Information for the CIO, CSO, FSO, ISSO and other security professionals. Understanding NISPOM and ITAR compliance is tough. With over 12,000 cleared defense contractors, a majority of those don't have a security staff. We'll hope to help fill the gap. From security clearances to performing on classified contracts, you can find help here.
Applicants for security clearance must demonstrate that they can protect sensitive information. Under Guideline K, “deliberate or negligent failure to comply with rules and regulations for protecting classified or other sensitive information raises doubt about an individual’s trustworthiness, judgment, reliability, or willingness and ability to safeguard such information, and is a serious security concern.” Any history of allowing unauthorized access, forgetting to enforce security rules, or loaning out passwords will definitely raise red flags and call trustworthiness into question. Review the following cases and see if you can identify the Guideline K issues.
YOU’RE JUST SAYING THAT TO GET ME
A clearance holder brought a camera into a restricted area against security rules. Additionally he committed many other security violations to include discussing sensitive information with unauthorized non-U.S. persons in an unauthorized area, left foreign nationals unattended with a classified workstation, and did not store classified hard drives. He was formally disciplined and removed from his place of employment due to continuous disregard of security procedures.

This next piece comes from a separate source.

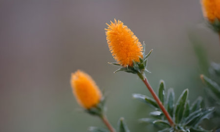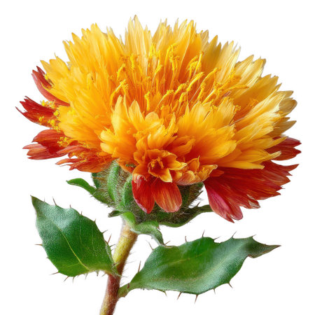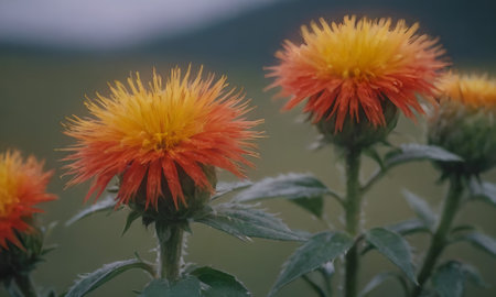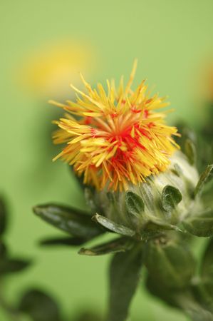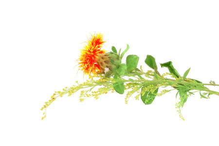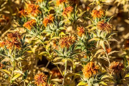 Safflower, Carthamus tinctorius, Asteraceae, Annual thistle-like herb with golden-yellow globose flowe-heads, source of red and yellow dye and for cosmetic and edible oil

These are not only security violations, but due to the foreign national and non-U.S. person aspect, the individual, his company, and fellow employees are at risk of export licensing and International Traffic In Arms Regulation violations.
During the hearing, he failed to produce any mitigating circumstances, provide explanation, or offer character witness statements. He did state, however, that the charges were lies spread by persons who did not like him and were “out to get [him].”
COMSEC AND HIGHER THAN COLLATERAL
Some classified information requires additional protection because of the very nature of its existence; Communications Security (COMSEC) information is one example. Those with access to COMSEC are required to attend additional training and sign documents prior to possession of COMSEC material.
While accessing COMSEC information, an individual failed to practice security requirements on many occasions. These violations include failing to close and lock a COMSEC security container or secure a COMSEC vault door, leaving classified information in an unsecure area, and a few other incidents that put COMSEC at risk.
The applicant did provide mitigations, to include character witnesses, work accomplishments, and how she is a stellar performer. However, the mitigations did not address the security violation concerns. Though the incident happened in the past, the judge still had questions and doubts about her ability to protect classified information and denied the clearance.
DON’T LEND OUT USERNAME OR PASSWORD; SERIOUSLY DON’T
JPAS is the system Facility Security Officers (FSO) use to maintain facility and personnel clearances and contains sensitive information. DSS requires JPAS users to hold a security clearance and trains them to never share their usernames and passwords.
In this case, while the individual had received training from the Defense Security Service, he knowingly provided his JPAS username and password and granted unauthorized access to sensitive information. He provided his username and password to an uncleared employee for almost two years, allowing him to delegate FSO and JPAS responsibilities. Because of the potential risk to sensitive and classified information and the frequency and length of time the violations occurred, the violations were not mitigated and the judge denied the applicant’s security clearance.
I ONLY SPIED BECAUSE I WAS CHEATING
A married applicant gained access to his girlfriend’s e-mail without permission or authorization. This included a classified email account that contained information of which he did not have need to know. This violates Guideline K as “inappropriate efforts to obtain or view classified or other protected information outside one’s need-to-know”. Additionally, as a privileged information system user, he took advantage of his position to gain information for his own personal use and did not practice the requirement to accountable for his actions on an information system.
The applicant did however provide mitigation, to include admitting to his wife that he had had an affair, reconciling with his wife and demonstrating a passage of time since the events occurred (four years). Additional mitigations included the attendance of many security trainings, and a demonstration of his excellent attitude toward security rules. The judge ruled that the security incidents are “unlikely to recur and does not cast doubt on the individual’s reliability, trustworthiness, or good judgment,” and that “the individual responded favorably to counseling or remedial security training and now demonstrates a positive attitude toward the discharge of security responsibilities,”. The seriousness of the applicant’s conduct was outweighed by the presence of rehabilitation and the amount of time elapsed since its occurrence
The ability to demonstrate trustworthiness and proclivity to protection classified and protected information is often based on history. Any red flags or shortfalls with obeying rules and regulations set for protecting protected data surely must be mitigated. In the above cases only one was mitigated and the clearance granted. This decision was based on the work that the applicant spent to rehabilitate himself and demonstrate that his violations were history, and that his future included a focused security attitude.